June 30, 2020
A pair of studies offers new insights on a sometimes fatal COVID-19 complication the doctors began noticing among children in late April.
The studies identified almost 300 cases of children developing multisystem inflammation syndrome, or MIS-C, a condition that causes severe inflammation in multiple organ systems after contracting SARS-CoV-2. In most cases, the syndrome didn't develop until weeks after the infection.
One of the studies, led by Boston Children's Hospital researchers, analyzed data from pediatric health centers across the United States. The researchers found that 80% of the children with MIS-C ended up in the intensive care unit and 20% needed mechanical ventilation. Four of the children died.

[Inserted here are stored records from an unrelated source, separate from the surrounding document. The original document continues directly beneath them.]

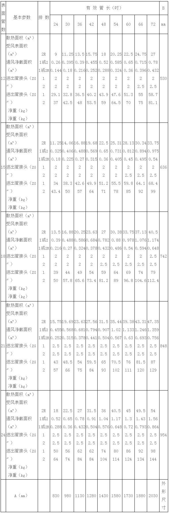 S型銅制空氣熱交換器基本參數(shù)續(xù)表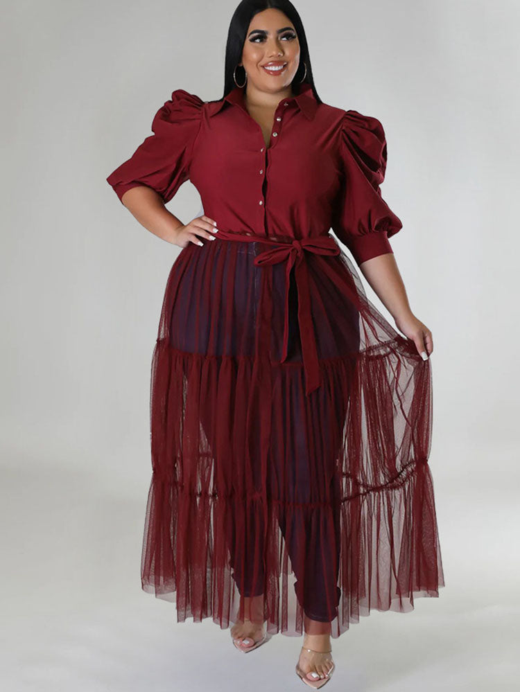 Features: Plus size. long sleeve. v-neck. patchwork. button. mesh. ruffle. ruched. lace-up. cover-up. see-through.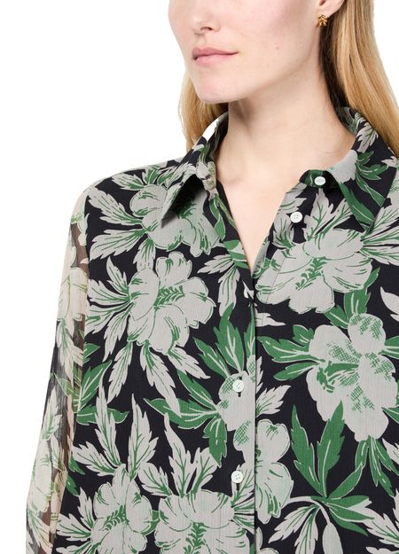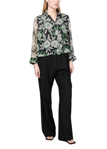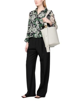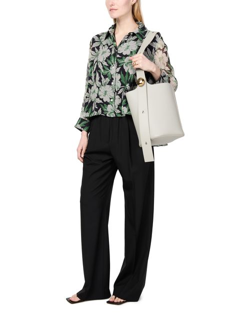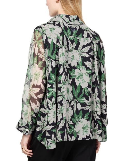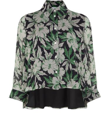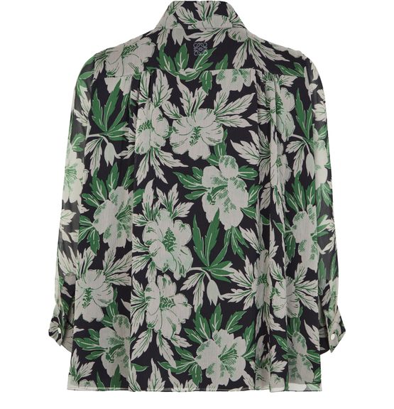 Loewe's floral print silk shirt showcases a captivating design with a front buttoned closure and a classic shirt collar. Its long-sleeved silhouette and regular length offer versatility, while visible stitching adds a touch of artistry. Perfect for elevating any outfit, this shirt embodies elegance and contemporary style.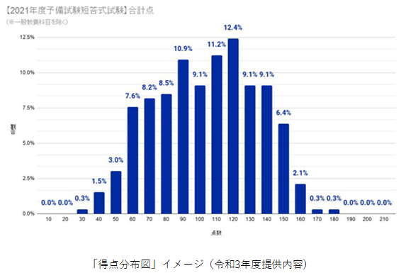 5月17日(火)には得点分布図も公開いたします。解答速報利用者全体の得点分布が可視化されるので、ご自身の相対的な立ち位置が確認でき、試験後からの学習の指針としてご活用いただけます。
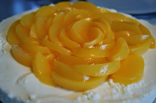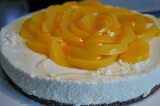 | Säilykepersikat sopi todella kivasti kakun maun kanssa! |
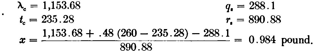 Example. Barometric pressure, 14.78 lbs. Absolute pressure in main steam pipe, 87.78 lbs. Absolute pressure in calorimeter, 23.03 lbs. Temperature (T) = 260° F. Then, Or, in other words, 98..4 per cent of the mixture is steam; or the moisture = 1 — 0.984 = 0.016, or 1.6 per cent.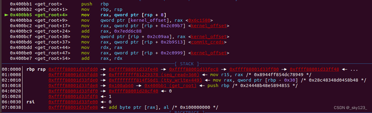 通过 tty_struct 执行 ioctl 时, rax 的值正好是 rip 的值,也就是 tty_operations 中 ioctl 函数指针指向的指令的地址。 如果向 ioctl 函数指针写入 xchg eax,esp;ret 指令地址,则会将 rsp 的值置为 rax & 0xffffffff ,即将栈迁移至 rax & 0xffffffff 地址处。如果我们提前在 rax & 0xffffffff 地址处布置好 rop 则可以完成提权操作。 这里需要注意的是: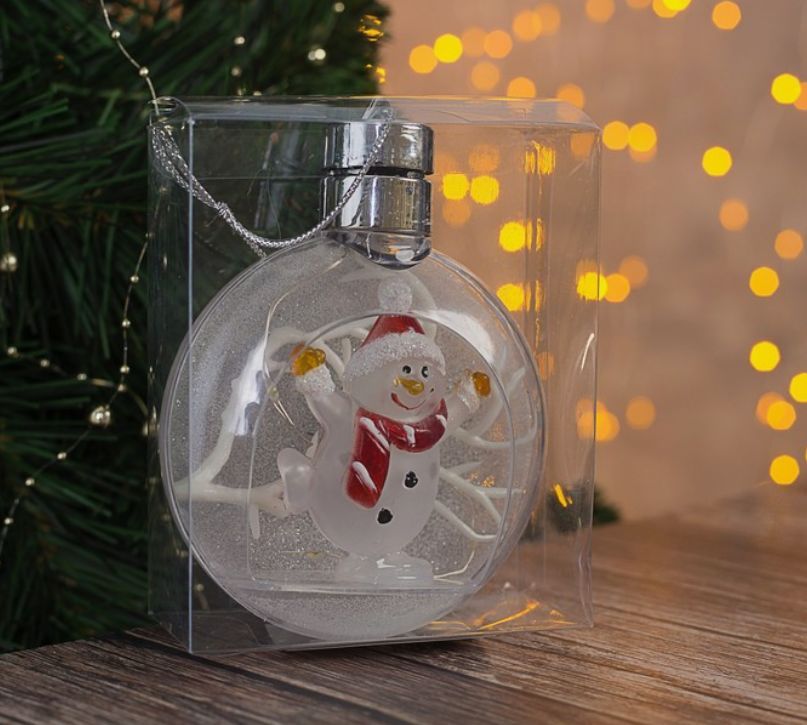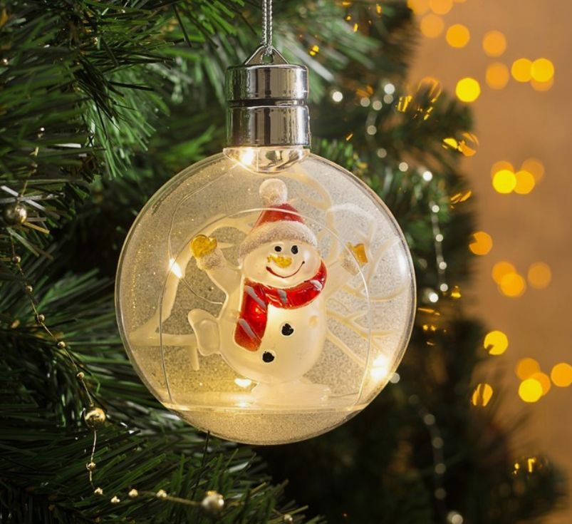 Елочный шар "Снеговик" 5 LED. от батареек 2032 (в комплекте) Т/БЕЛЫЙ 4357263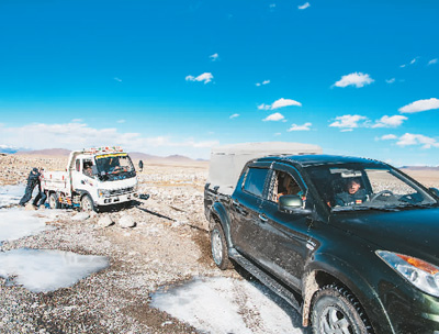 派出所的移民管理警察在巡邏途中協助牧民旦增多傑一家拖拽“罷工”的小貨車。新華社記者 孫非攝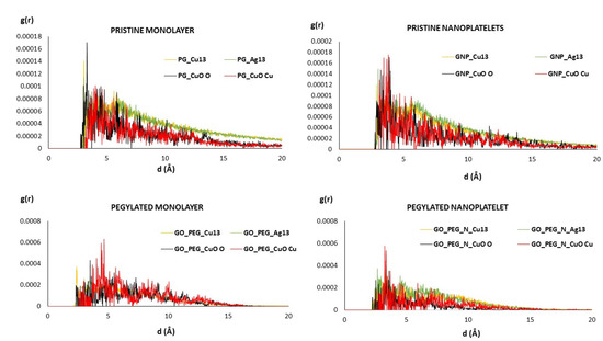 The radial distribution functions (RDF) of clusters and graphene-based surfaces are shown in Figure 3. These plots give us an idea of the spread of distances between the clusters and surfaces. All plots present maxima between 2.5 and 5–6 Å, and there are no large differences between the different models. It must be noted that the mean equilibrium distances shown in Table 2 represent distances between the cluster and nearest surface atoms, which must not necessarily coincide with maxima in Figure 3. In the case of the Cu6O6 cluster, the plots corresponding to the Cu atom (shown in red) are slight shifted to larger values, which is in accordance with the results shown in Table 2. Figure 3 also shows that in the PEGylated systems, distances are somewhat smaller.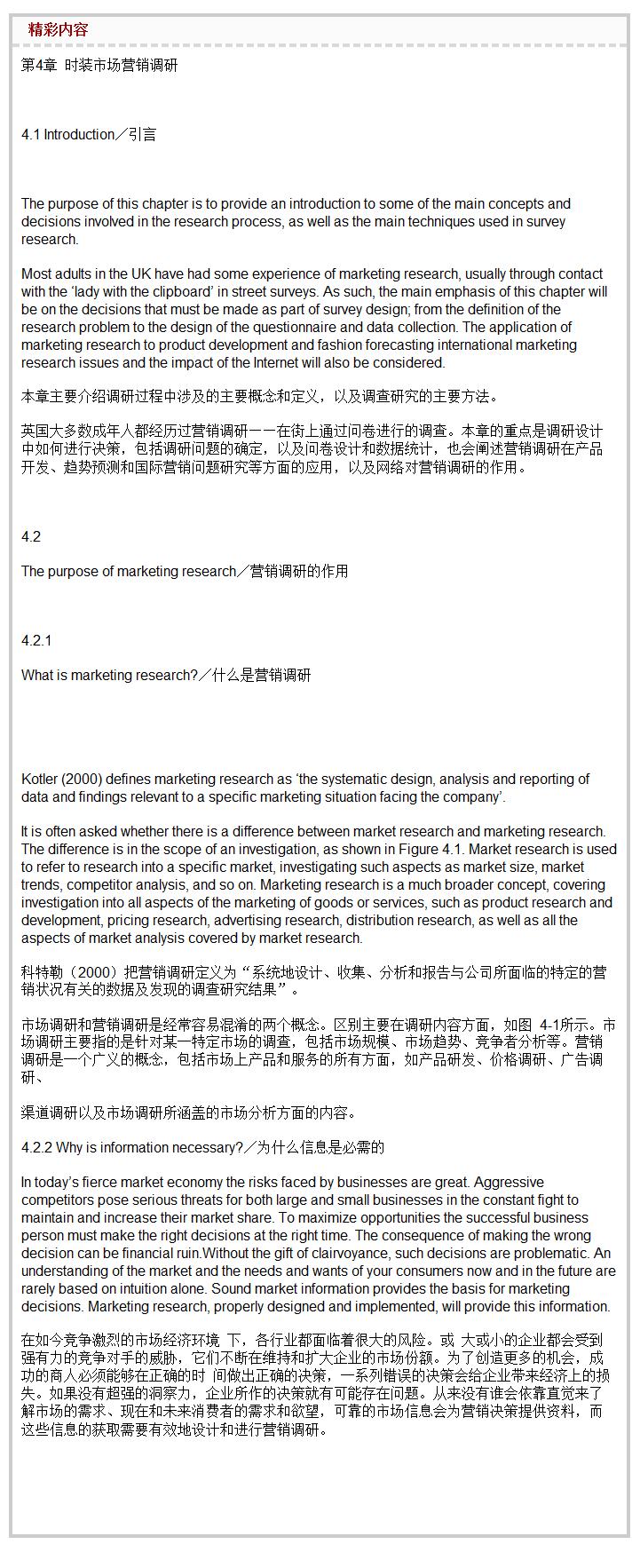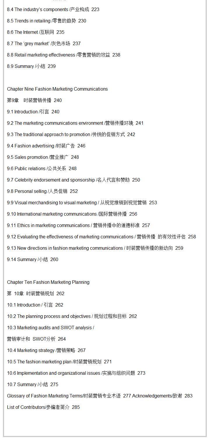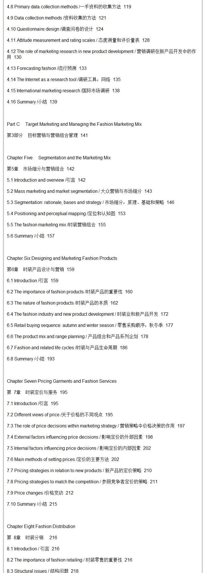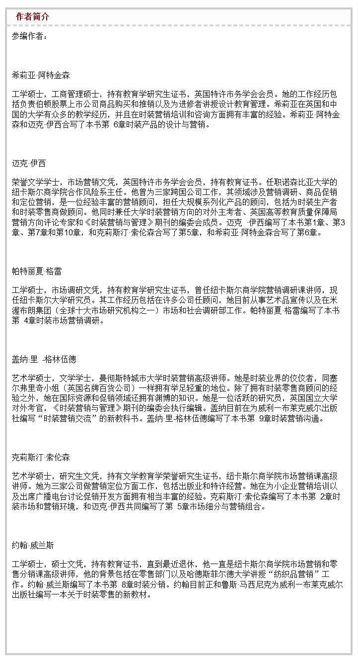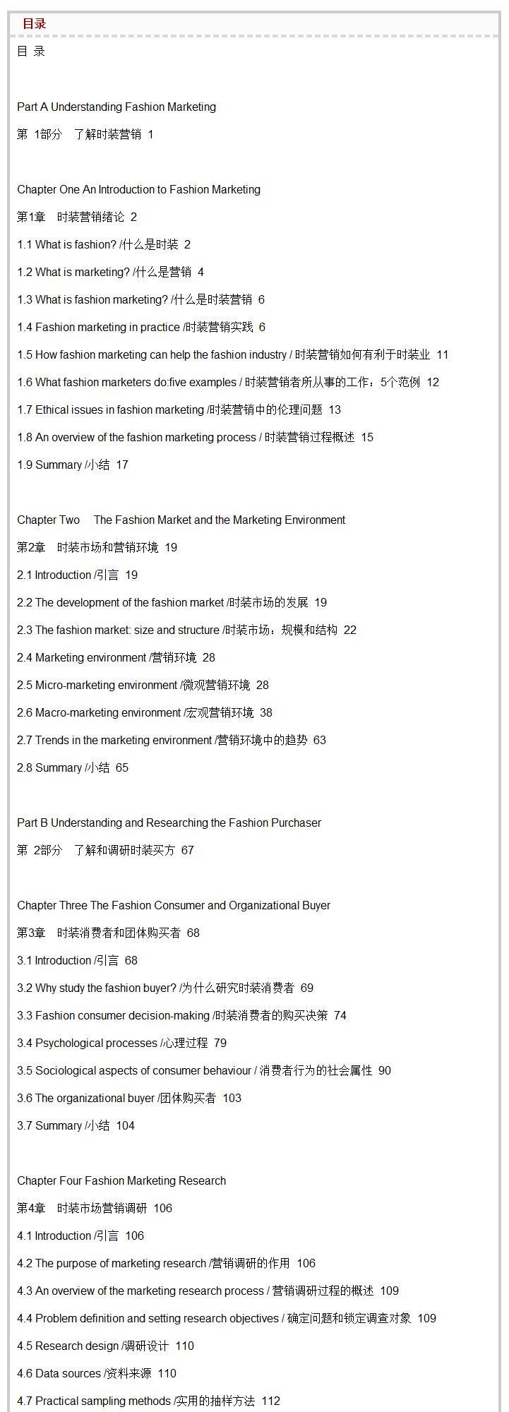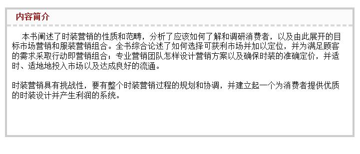 时装营销 时装营销的性质和范畴,分析了应该如何了解和调研消费者,以及由此展开的目标市场营销和服装营销组合 具有挑战性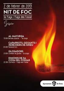 El passat dissabte 2 de febrer es va celebrar una nit dedicada a la cultura, sota el lema de Nit de Foc, amb la participació d’Al-Mayurqa, els Glosadors de Mallorca, els Xeremiers de Sineu i els Caparrots de Sineu, i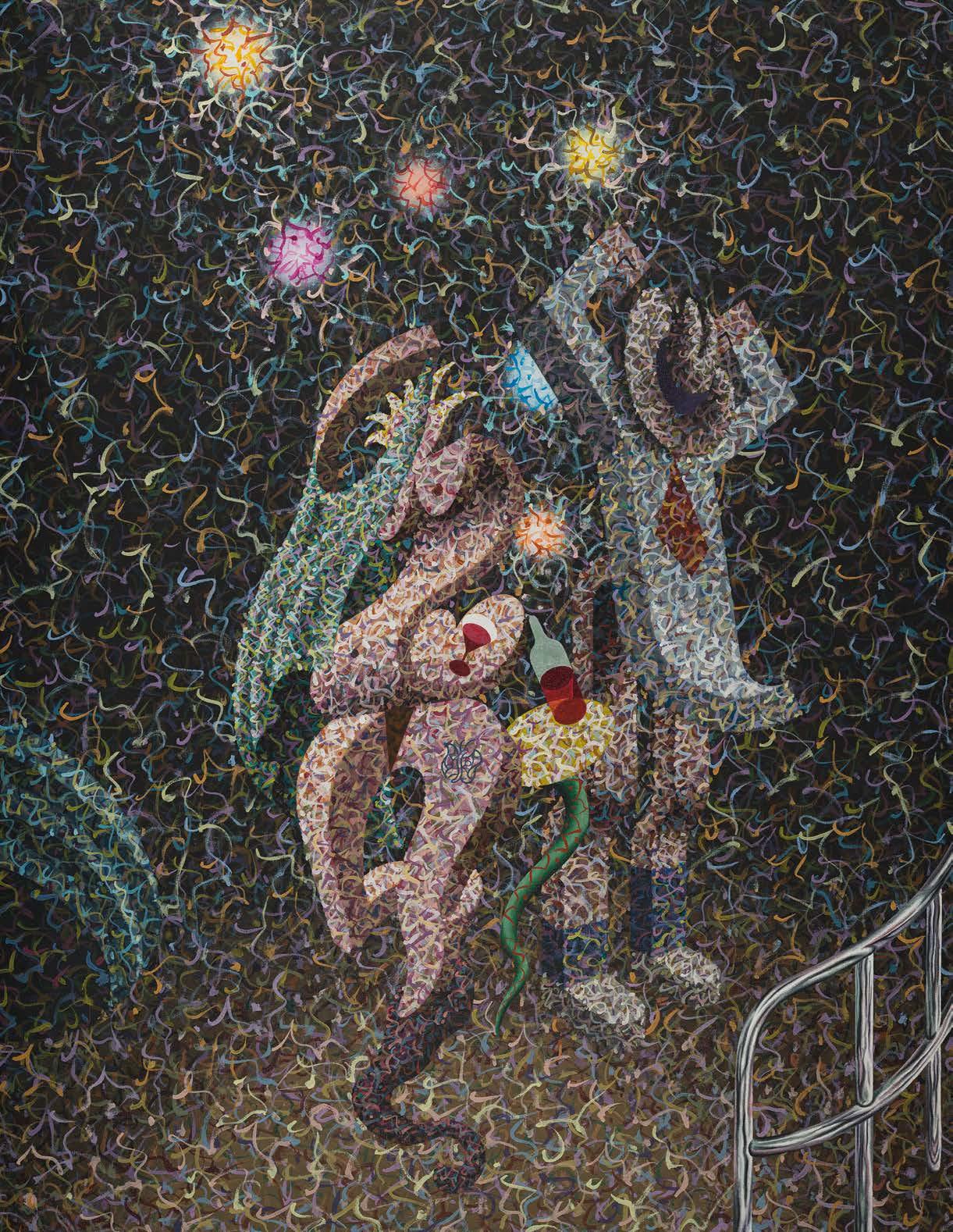 Orlik captures the joie de vivre of two ‘winos’ with humour and camaraderie. They appear to float in their drunkenness, clothes rising as wine bottle and glass tip over. Fireworks burst overhead, echoing their ebullience. The woman kicks up her legs in dance, revealing a butterfly tattoo, her spiky blonde hair resembling the Statue of Liberty’s crown. A snake-like table leg symbolizes temptation fully embraced.

The second study, based on data collected by the New York State Department of Health, identified 99 children in the state's hospitals who developed the inflammatory syndrome. The percentages of those who needed intensive care and breathing support were similar to those found in the other study. Two of the children died.
The most common complications among the children included cardiovascular and clotting issues, gastrointestinal symptoms and skin rashes.
Though children generally haven't developed severe COVID-19, there have been reports from hotspots like New York City of kids developing an inflammatory condition similar to Kawasaki's disease, which is more frequently seen in children under 5.
In May, the U.S. Centers for Disease Control and Prevention asked doctors to be on the alert for cases of multisystem inflammatory syndrome in children.
Dr. Manish Patel, one of the authors of the Boston Children's Hospital study and a member of the CDC's COVID-19 response team, STAT News that parents should be vigilant for any fever and rash in children who recently had COVID-19.
"Fever, rash and I think especially in the setting of areas where you have a lot of coronavirus infections, SARS-CoV-2 infections – have a lower threshold for seeking care, I would say," Patel said.
Both studies were published in The New England Journal of Medicine.